→ **Aim of the task**
Beginning at the line that contains "Vrolijk de jarige", reproduce the entries below exactly, ending with the line that contains "- Si petite". Omit each picture.

→ **Listed entries**
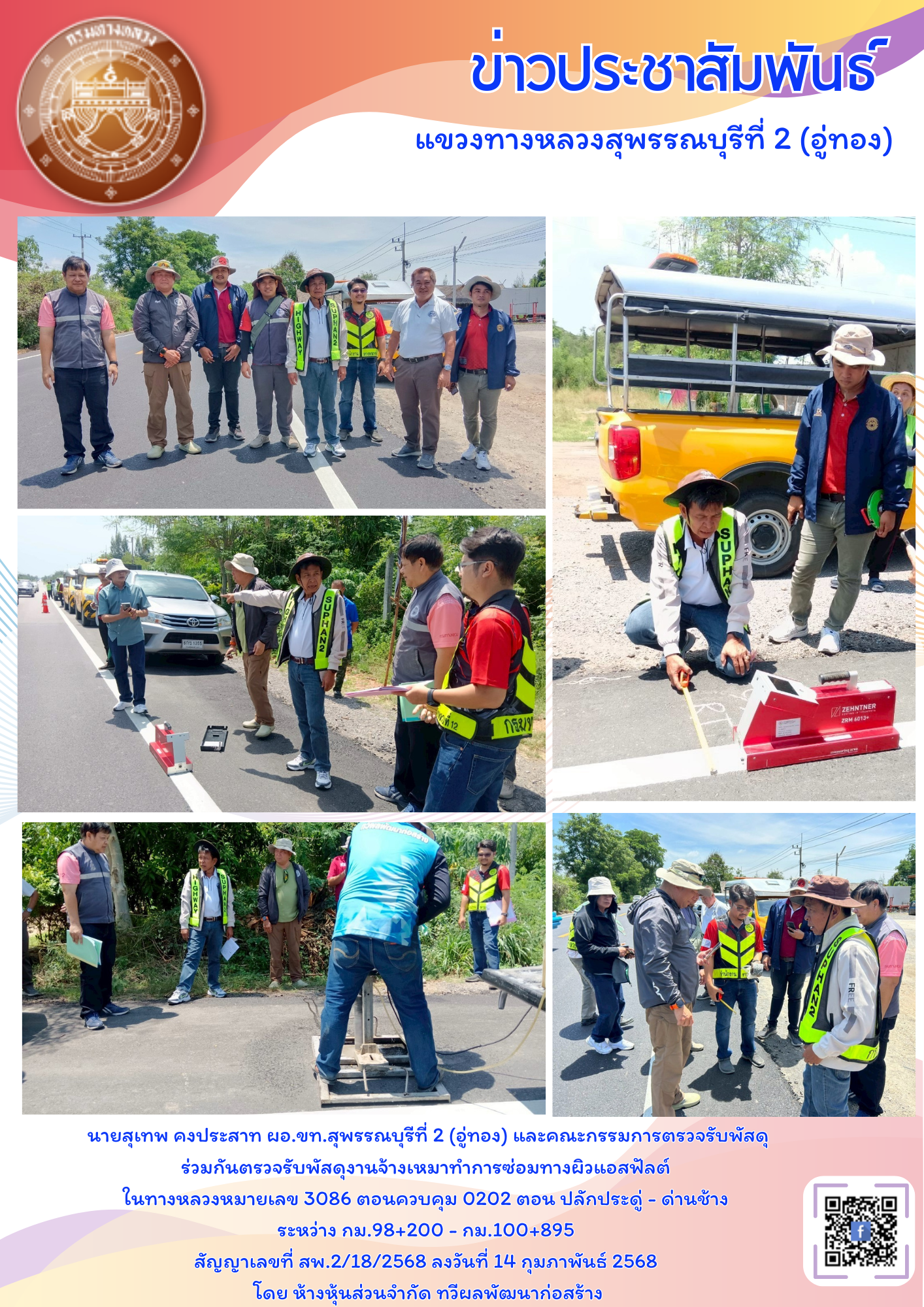ข้อมูลภาพกิจกรรม : ตรวจรับพัสดุงานจ้างเหมา ทำการซ่อมทางผิวแอสฟัลต์ ในทางหลวงหมายเลข 3086 ตอนควบคุม 0202 ตอน ปลักประดู่ - ด่านช้าง ระหว่าง กม.98+200 - กม.100+895
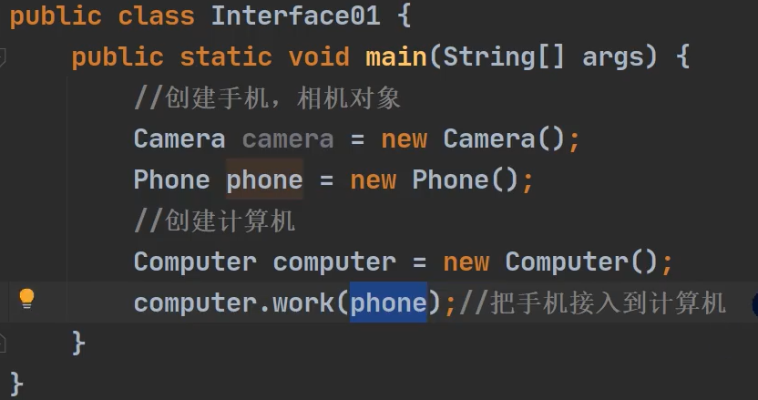 - 有实现USB接口的类Phone,Camera
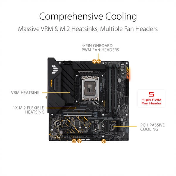 With upgraded power delivery and comprehensive cooling options to drive the 12th Gen Intel Core⢠processors, plus support for faster memory and storage, TUF GAMING B660M series motherboards are the perfect foundation for your next high-core-count battle rig.
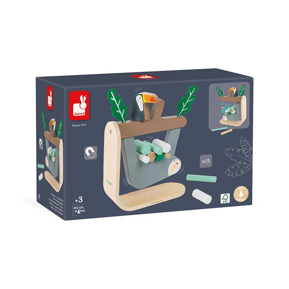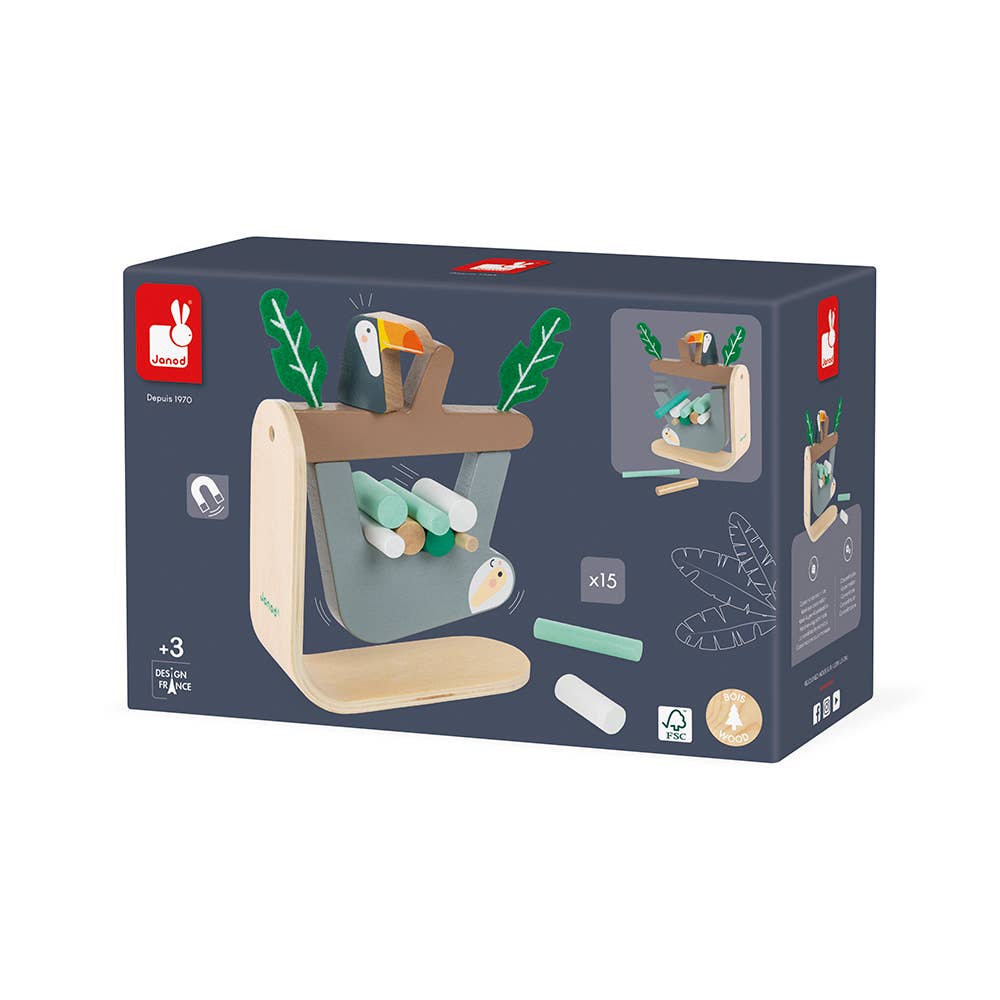 Wooden toy for children over 3 years old. Balancing game consisting of a magnetic sloth hanging from its branch and 15 sticks. For one or more players: the object of the game is to put as many sticks as possible on the sloth’s belly before the sloth lets go! The player who places the stick that makes the others tumble loses the game! Helps develop patience and dexterity.
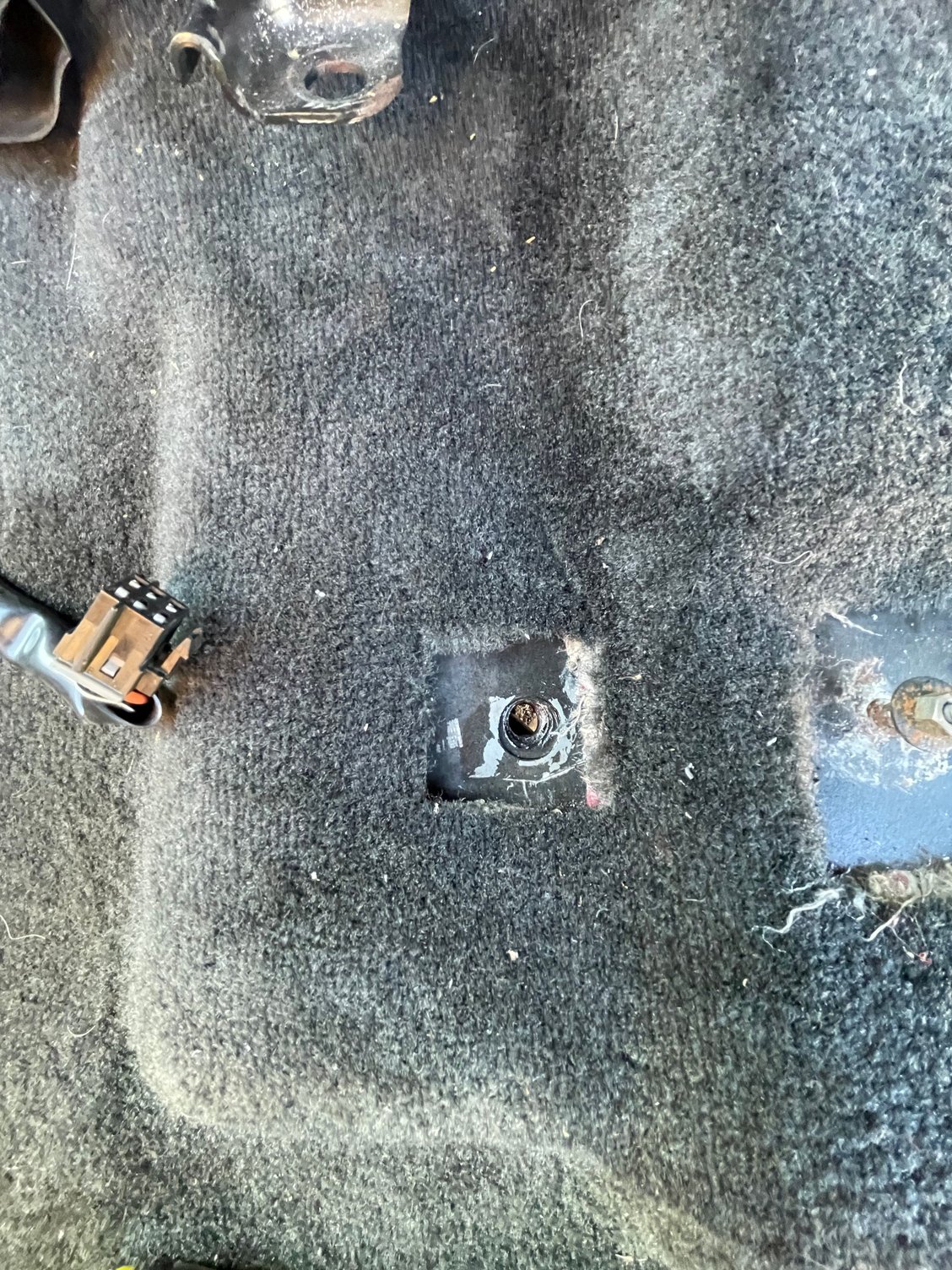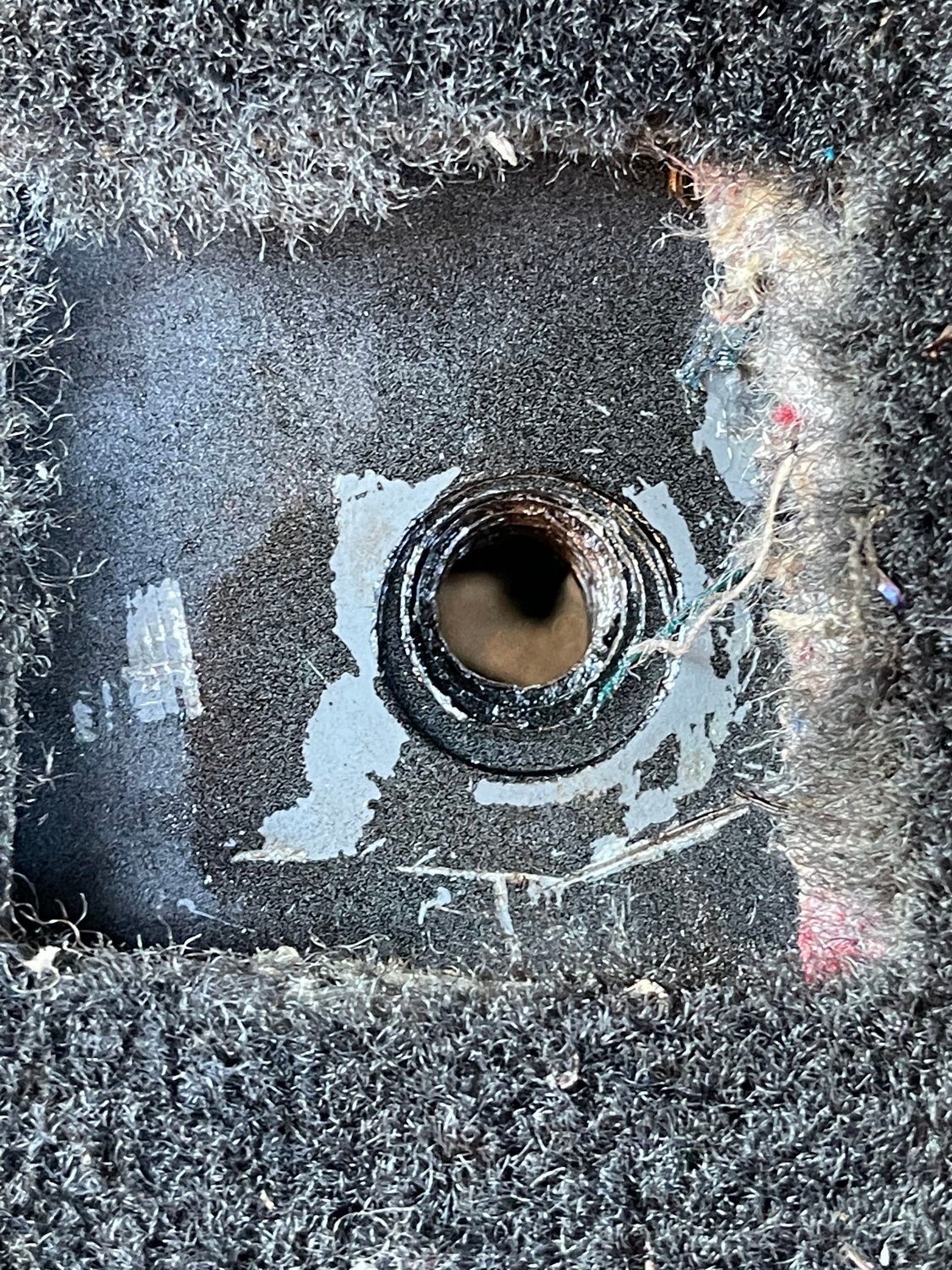 Once the seat is out of the way you’ll need a half in drill bit. Again, drill as straight as possible going down and have your shop vac and water within reach. The passengers side appears to bottom out in to a chamber so it’s not as much of a concern but the drivers side GOES THROUGH so be careful if you’re drilling through the old bolt. Personally I drilled through with my 3/8ths bit first and followed with my 1/2”.
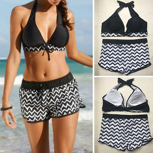 Wanna relax yourself? Then we suggest you heading to the seaside! This swimsuit set would be a good choice for you. Including a halter bikini top and a printed swimming shorts,this swimsuit set can give you a playful beach trip.
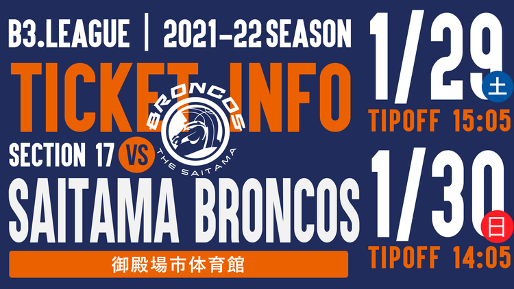 第17節 さいたまブロンコス戦チケット販売のお知らせ
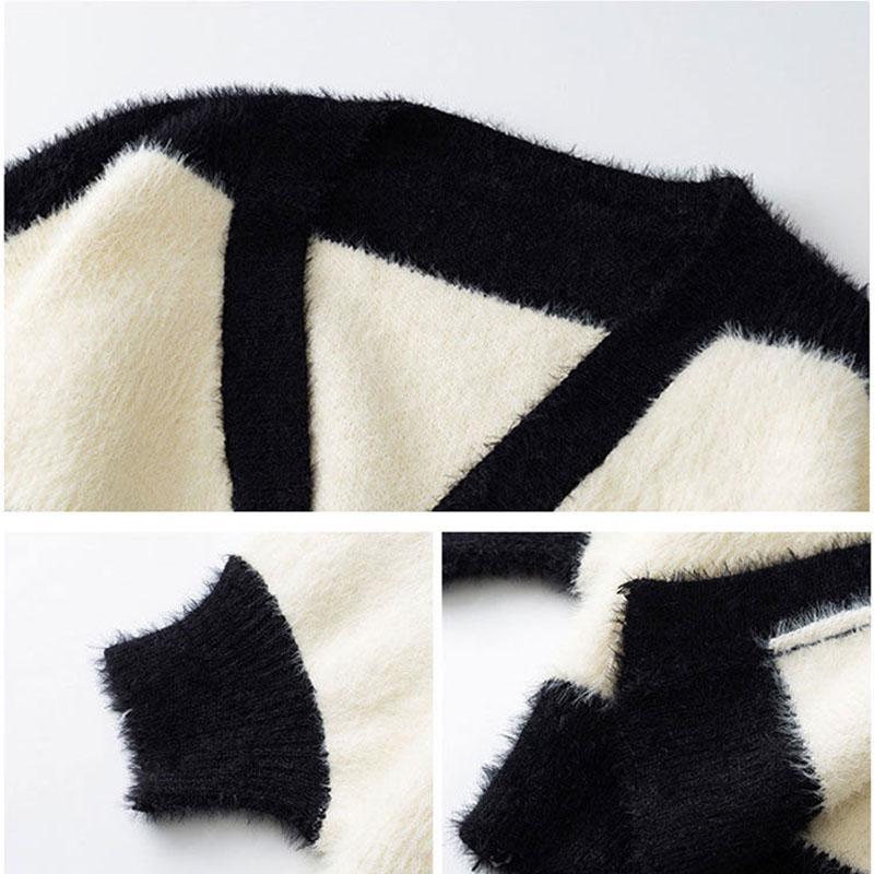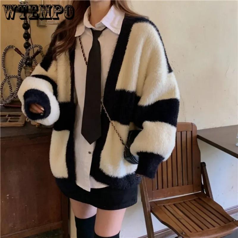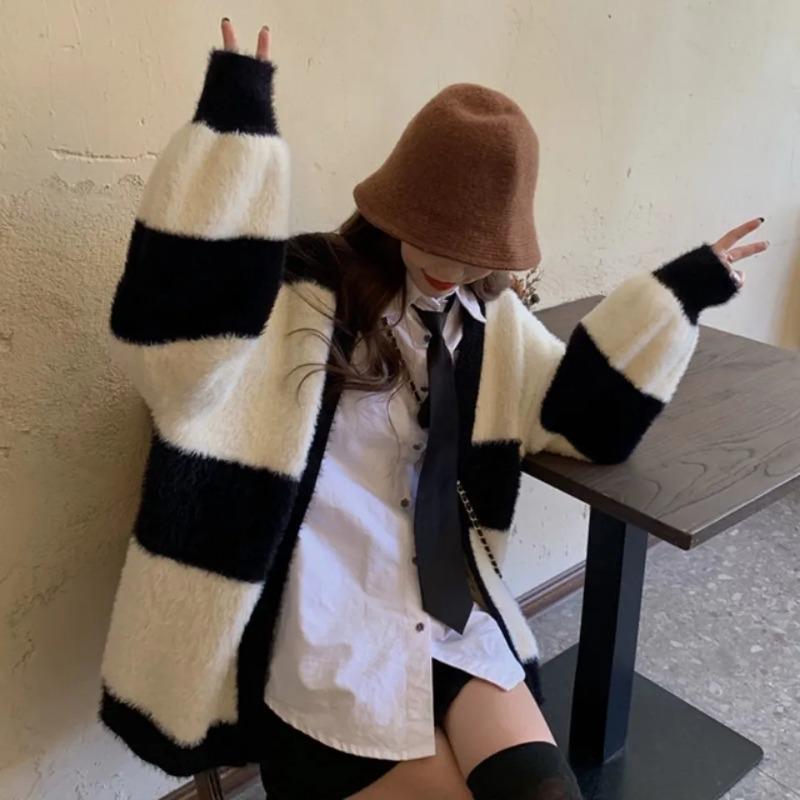 Женский черно-белый полосатый свитер контрастного цвета, универсальный свободный кардиган с длинным рукавом, свитер, пальто
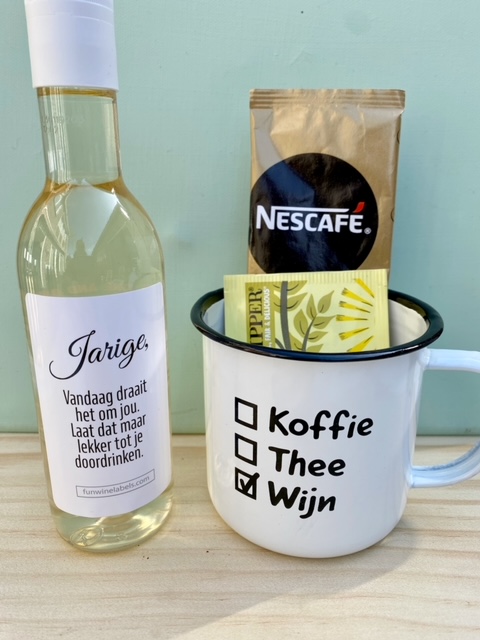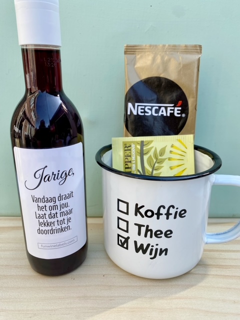 Vrolijk de jarige op dit jaar met een grappige box! Het bestaat uit een emaille mok met grappige wijn quote, koffie & thee zakje én een kleintje wijn met etiket naar keuze!
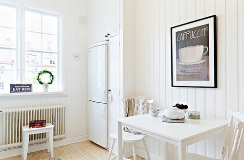 - Si petite pièce privilégiez les couleurs plus claires du réfrigérateur. Cela évitera l'effet de cacher l'espace et les tons pastel légers rendront un objet lourd visuellement moins global;
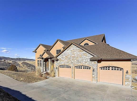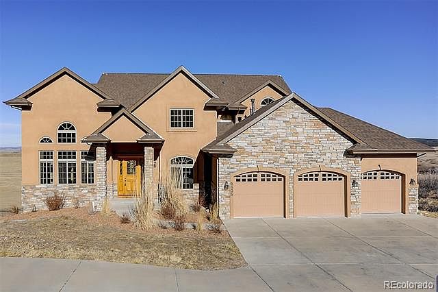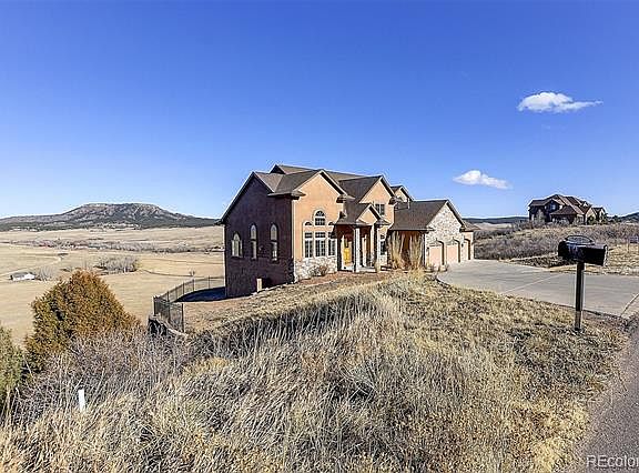 Views of Mountains & Red Rock Formations! Valley Views all the way to Castle Rock! Dramatic Custom 2-Story w/Main Floor Master Bdrm. Quality Finished Walkout Bsmt on 1-acre lot. Only 1/2-mi to the clubhouse of the Perry Park Country Club & the driving range is even closer * 5 Bedroom/5 Bathroom home w/5,588 Total Sq. Feet (approx. 5,374 SF finished) * 3 gas-log fireplaces, 8 foot tall doors on the main level with oil rubbed bronze doorknobs, plus an extra wide staircase. Formal Dining Room AND Spacious Kitchen w/eating space. Slab granite counters, wood and tile floors, 5 burner gas range, stainless steel appliances, custom hickory cabinets, built-in kitchen desk and island with sink #2. Twenty-foot tall ceilings in Living Room. Large utility/mud room just inside the spacious finished 3-car garage. Tremendous views of Dawson's Butte and the Plum Creek Valley from all 3 levels. Covered concrete walkout patio extending into a 30 x 40 foot flagstone patio plus 40-foot partially covered Trex deck!
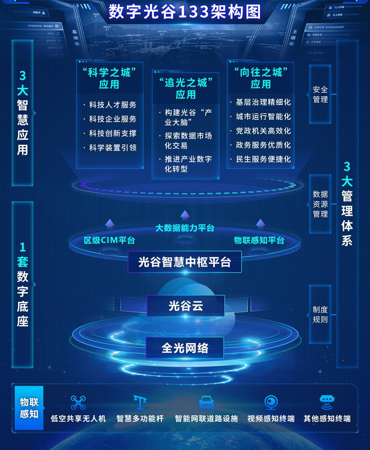 按照计划,光谷2023年聚焦数字底座建设,并围绕治理、监管和服务开展重点项目建设和系统集成整合。2024年聚焦“一网通办、一网统管、一网协同”等应用场景建设,推进区级跨部门、跨层级、跨业务协同,形成可复制推广的建设运营模式。2025年,聚焦产业经济智慧化应用建设,探索各领域应用功能创新,打造“数字光谷”特色样板。
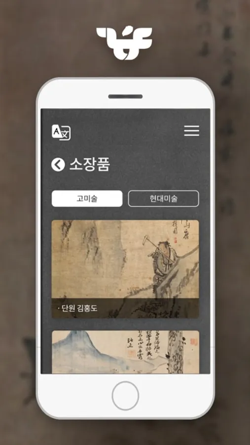 Kimhongdo Art Museum's app allows you to enjoy the museum's collections, the lives of artists, and the world of works with explanatory articles, photos, and docent voices.
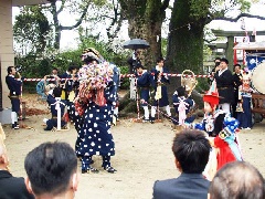 曽根崎町老松神社において、鉦(かね)と太鼓による調子にあわせて、獅子舞が披露されます。雄獅子、雌獅子、つり合い獅子の順序で演じられ、雄、雌獅子とも前獅子役と後獅子役があり、童子の獅子つりにつられるように舞う様子を見ることができます。老松神社の神幸祭として行われ、土地の悪霊を鎮めて人々を浄め、豊作が祈願されます。
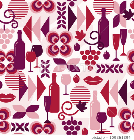 Red wine theme background with design elements in simple geometric style. Seamless pattern with abstract shapes. Good for branding, decoration of wine package, cover design, decorative print
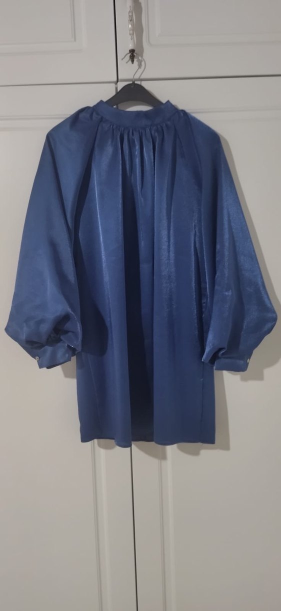 Uzun boy, parlak mavi kumaştan, uzun ve bol kollu, desen içermeyen Paris normcore tarzında kadın elbisesi.

→ **Reply**
 Vrolijk de jarige op dit jaar met een grappige box! Het bestaat uit een emaille mok met grappige wijn quote, koffie & thee zakje én een kleintje wijn met etiket naar keuze!
 - Si petite pièce privilégiez les couleurs plus claires du réfrigérateur. Cela évitera l'effet de cacher l'espace et les tons pastel légers rendront un objet lourd visuellement moins global;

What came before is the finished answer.